Linguistic Data Analysis
University of California, Merced
COGS 180: Linguistic Data Analysis with R
Summer 2020
Lecturer: Adam M. Croom, Ph.D.
Lectures: Tuesdays and Thursdays, 11:15 am – 2:45 pm, Glacier Point (GLCR) 120
Office Hours: By appointment over Zoom or at Social Sciences and Management Building (SSM) 250B
Course Description: Natural language processing (NLP) is an increasingly popular and important subfield of artificial intelligence that is concerned with using programming languages like Python and R to analyze large amounts of language data from sources like social media sites and text corpora. NLP researchers, for example, can use their skills to identify the most common themes or words used in songs highly ranked on Billboard’s The Hot 100, to identify the overall mood or sentiment in response to a politician’s Tweet, and even to help determine whether a pair of anonymous manuscripts are likely to be composed by the same author or not. The wide variety of ways that NLP can be usefully applied makes learning NLP both exciting and valuable for academic researchers, (cognitive, computer, and data) scientists, and many other professionals in health, business, and technology. The purpose of this course is therefore to introduce students to NLP fundamentals along with the basic programming skills required to complete their own NLP projects. This course will focus on the R programming language and will cover NLP fundamentals including importing text data, wrangling text, visualizing text, topic modeling, sentiment analysis, and working with API clients.
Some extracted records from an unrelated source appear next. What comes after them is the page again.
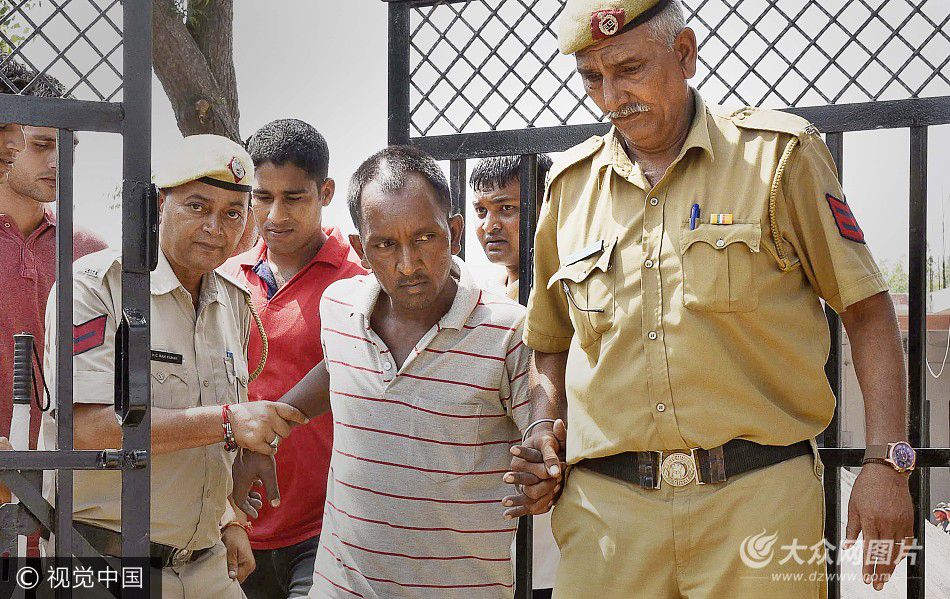 當地時間2017年9月9日,印度古爾岡市,警方逮捕殺害7歲男童的嫌犯Ashok。8日早上,古爾岡市瑞安國際學校一名2年級的7歲小男孩被發現倒在學校廁所外的血泊中,喉嚨被割斷,現場還留下一把刀。
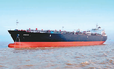 图为上海外高桥造船有限公司自行研发设计的8.5万立方米超大型全冷式液化石油气运输船。
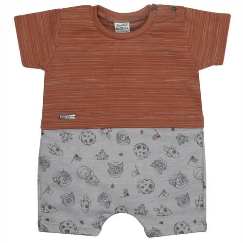 Macacão Bebê Menino Curto Moletinho Terracota / Cinza Astronauta - Sonho Mágico: Conforto e Estilo para o Seu Bebê!
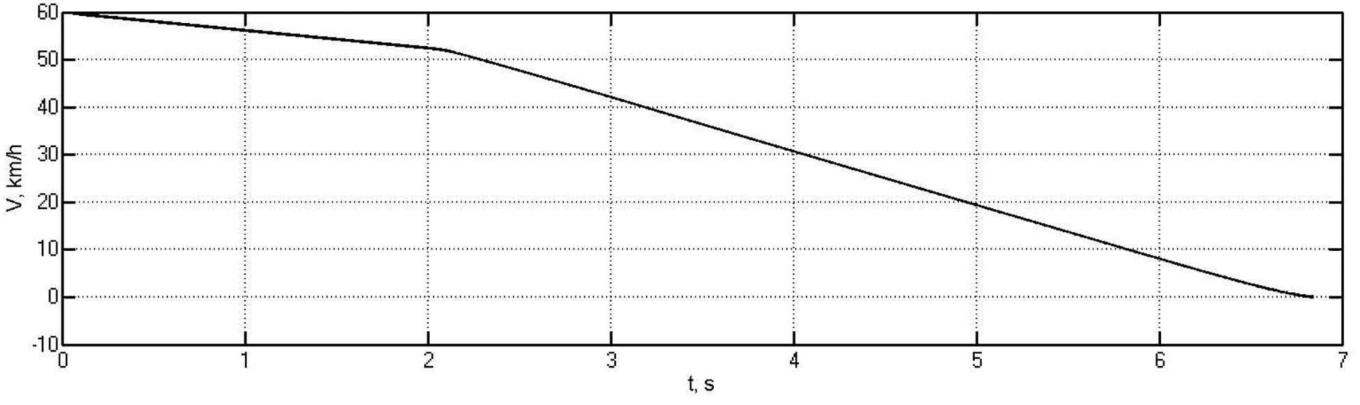 Введение Одним из путей решения проблемы повышения активной безопасности автомобилей при торможении является применение антиблокировочных систем (АБС). Законодательные органы ряда стран, признав этот факт, побуждают производителей автомобилей внедрять АБС. Так, в России все автобусы категории М2 с числом пассажирских мест свыше 8 в обязательном порядке оснащаются АБС (в ЕЭС с 2004 года АБС оснащается каждый новый автомобиль). Одновременно совершенствуются алгоритмы управления работой АБС, что обеспечивает повышение уровня контроля над параметрами движения автомобиля при торможении. По параметрам регулирования АБС подразделяют на следующие типы [1 - 6]: · по значению коэффициента скольжения колеса, соответствующего максимуму сцепления колеса (s-регулирование); · по максимальному значению коэффициента взаимодействия (μ-регулирование); · по значению и знаку параметра dμ/ds, характеризующего степень приближения к максимуму сцепления (градиентное регулирование). При использовании s-регулирования, как правило, пменяются следующие основные алгоритмы и их комбинации [7-13]: · использование режима равенства углового замедления колеса и линейного замедления автомобиля; · определения коэффициента скольжения колеса и его дальнейшее поддержание в заданных пределах; · использование порогового замедления тормозящего колеса. Большинство недостатков s-регулирования обусловлено тем, что ни проскальзывание, ни замедление колеса не несут достаточной информации для определения оптимального управления тормозными усилиями. Основными проблемами в обеспечении работы АБС, построенных на разных принципах и с разными параметрами регулирования, являются невозможность непосредственного определения скорости автомобиля, следовательно - коэффициента скольжения, а также невозможность эффективного реагирования на изменение дорожных условий при торможении. Цель работы: повышение устойчивости и управляемости двухосных автомобилей при торможении за счет адаптивного перераспределения тормозных усилий на колесах. Алгоритм оценки параметров движения автомобиля при торможении В процессе торможения с увеличением тормозного момента колесо, как известно, замедляется. В определенный момент времени замедление колеса превышает величину, которую замедление автомобиля физически превысить не может. Дальнейшее увеличение тормозного момента увеличивает исключительно замедление колеса, а не транспортного средства. Физическое замедление автомобиля определяет пороговое значение замедления колеса, и можно приближенно вычислить так: где - проекция текущего линейного вектора ускорения центра О колеса (рис. 1) на плоскость его вращения; - статический радиус колеса. Рис. 1. План ускорений для центра колеса при криволинейном движении автомобиля Fig. 1. Acceleration plan for the center of the wheel during curvelinear motion of vehicle Для определения рассмотрим план ускорений для центра колеса при криволинейном движении автомобиля и примем допущение о том, что плоскость качения колеса перпендикулярна ровному опорному основанию. Ускорение (рис. 1) точки О (центр колеса) при плоском движении равно векторной сумме ускорения центра масс автомобиля (точка С) и ускорения точки О при вращательном движении вокруг полюса С: (1) На рис. 1 обозначено: C - центр масс автомобиля; О - центр колеса автомобиля; CXY - 
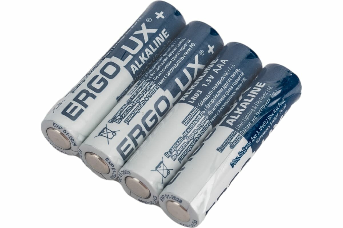Батарейки щелочные Ergolux - тип AAA, 1.5В, 4 шт. в упаковке
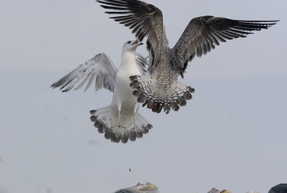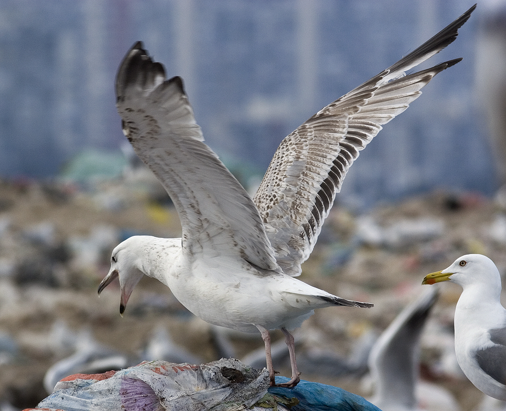 Larus cachinnans 3cy, 19 February 2012, Zagreb, Croatia. Picture: Mars Muusse. Fight with 2cy Caspian Gull. Hint of a mirror on P9 and P10. See also HERE. Note grey MC, replaced again in partial autumn moult last year. |
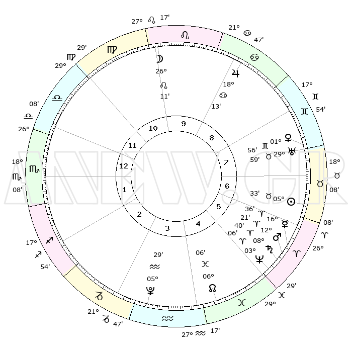 | | ΘΕΣΕΙΣ ΠΛΑΝΗΤΩΝ ΑΣΤΡΟΛΟΓΙΚΟΥ ΧΑΡΤΗ ΤΗΣ ΣΤΙΓΜΗΣ ΑΥΤΗΣ | | | | Πλανήτης | Ζώδιο | Μοίρες | Δεκαήμ. | Σε οίκο | Απόκλιση | | Ακμές των οίκων | | Ηλιος | Ταύρος | 05°29' | Πρώτο | 7 | 13 N 21 | | 1ος | 28°36' | Ζυγός | | Σελήνη | Λέων | 25°18' | Τρίτο | 10 | 14 N 05 | | 2ος | 26°56' | Σκορπιός | | Ερμής | Κριός | 16°29' | Δεύτερο | 6 | 04 N 16 | | 3ος | 28°47' | Τοξότης | | Αφροδίτη | Δίδυμοι | 01°51' | Πρώτο | 8 | 21 N 11 | | 4ος | 02°53' | Υδροχόος | | Αρης | Κριός | 12°18' | Δεύτερο | 6 | 04 N 01 | | 5ος | 05°48' | Ιχθείς | | Δίας | Καρκίνος | 18°12' | Δεύτερο | 9 | 22 N 35 | | 6ος | 04°36' | Κριός | | Κρόνος | Κριός | 08°39' | Πρώτο | 6 | 01 N 27 | | 7ος | 28°36' | Κριός | | Ουρανός | Ταύρος | 29°59' | Τρίτο | 8 | 19 N 59 | | 8ος | 26°56' | Ταύρος | | Ποσειδώνας | Κριός | 03°06' | Πρώτο | 5 | 00 N 01 | | 9ος | 28°47' | Δίδυμοι | | Πλούτωνας | Υδροχόος | 05°29' | Πρώτο | 4 | 22 S 48 | | 10ος | 02°53' | Λέων | | Β. Δεσμός | Ιχθείς | 06°06' | Πρώτο | 5 | 09 S 16 | | 11ος | 05°48' | Παρθένος | | Ωροσκόπος | Ζυγός | 28°36' | Τρίτο | | | 12ος | 04°36' | Ζυγός | | Μεσουράνημα | Λέων | 02°53' | Πρώτο | | | |

Outcomes: Upon completion of this course students will acquire competency in R programming, data analysis, and natural language processing (NLP) fundamentals. In the lab component of this course, students will complete approximately 48 hours of programming exercises covering introductory and intermediate programming with R (data wrangling, data grouping and summarizing, and data visualization) as well as natural language processing (importing text data, wrangling text, visualizing text, topic modeling, sentiment analysis, and working with API clients like Twitter). Students will also complete a final knowledge synthesis report where they discuss how to employ the skills learned from this course to complete an NLP project for their employer. Upon completion of this course students will have the fundamental skills required to complete a NLP project of their own as well as the ability to explain the significance of their NLP results to others.
Reading: The readings will be available on CatCourses.
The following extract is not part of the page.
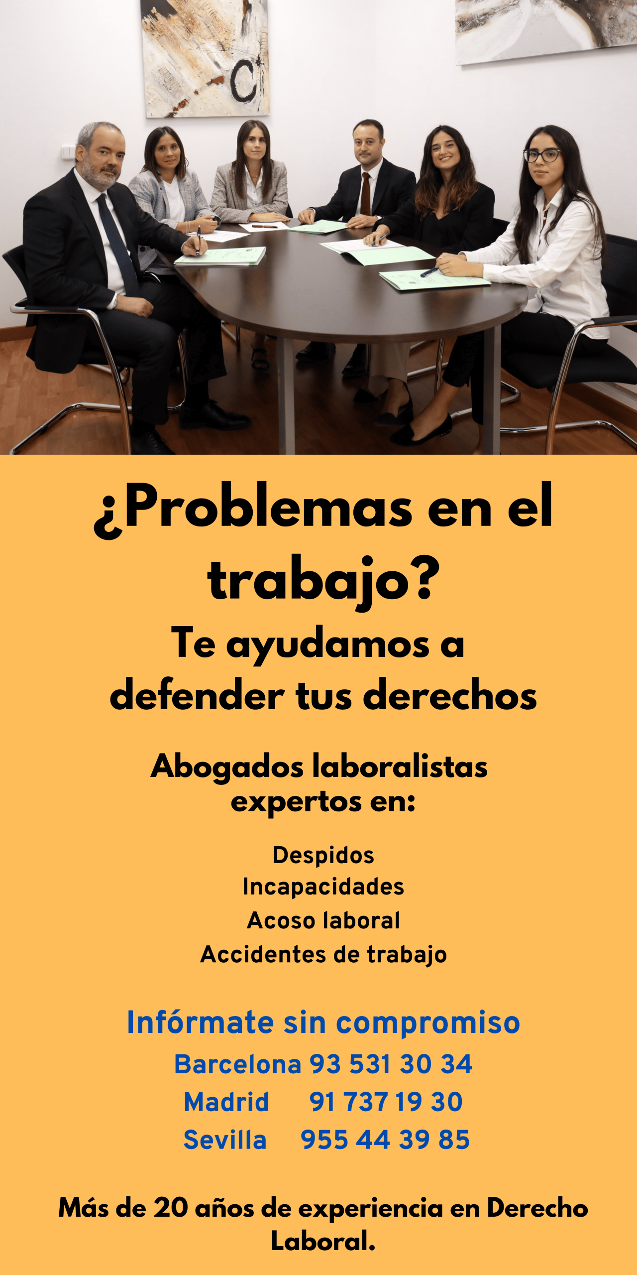 Si necesita asesoramiento legal o jurídico sobre algún tema relacionado con Derecho Laboral y de Seguridad Social, puede consultar con alguno de nuestros abogados laborales. lámenos al 629 683 746. Llevamos más de 20 años como despacho de abogados laboralistas en Barcelona asesorando a empresas y trabajadores para evitar conflictos y sanciones, o para defender sus derechos en caso de despido, incapacidad o acoso laboral. Llámenos al 629 683 746

Programming: Selected programming exercises, data sets, and projects will be available on Data Camp.
Assignment Submissions: Submit your assignments by uploading them directly onto CatCourses.
Grading Procedures: Your grade for this course will be based on your performance on regular activities (80%) and a final knowledge synthesis report (20%). A grading rubric will be provided along with your assignments.
Academic Integrity: Each student must abide by the Academic Honesty Policy at the University of California, Merced. You must do all of your own work on homework assignments, projects, and exams, and copying is never allowed. Violations of academic integrity will result in disciplinary action.
Accommodations for Students with Disabilities: The University of California is committed to ensuring equal opportunities and inclusion for students with disabilities based on the principles of independent living, accessible universal design, and diversity. The University of California requests for academic accommodations to be made during the first three weeks of the semester, except for unusual circumstances, and students are encouraged to register with the Disability Services Center to verify their eligibility for appropriate accommodations. I am available to discuss appropriate academic accommodations that may be required for students with disabilities, so if you have any questions about this please feel free to ask.
Additional Remarks: This syllabus is tentative and subject to change so stay tuned for updates. To create an optimal learning environment computers can only be used for class exercises and notes (no gaming or social media, etc.) and no audio or video recordings are allowed in class. If you have any questions or want to talk more about the course, majoring in cognitive science, or your future career, I encourage you to visit me during office hours for a chat. I value your contributions in class and look forward to seeing you develop this semester.
Schedule Overview
- May 26 Introduction to Linguistic Data Analysis
- May 28 Introduction to R
- June 2 Intermediate R
- June 4 Introduction to the Tidyverse
- June 9 Introduction to Data Visualization
- June 11 Introduction to Importing Data in R
- June 16 Cleaning Data in R
- June 18 Introduction to Text Analysis
- June 23 Text Mining with Bag-of-Words
- June 25 Sentiment Analysis in R
- June 30 Sentiment Analysis in R the Tidy Way
- July 2 Working with Web Data in R
- July 6 Final Knowledge Synthesis Report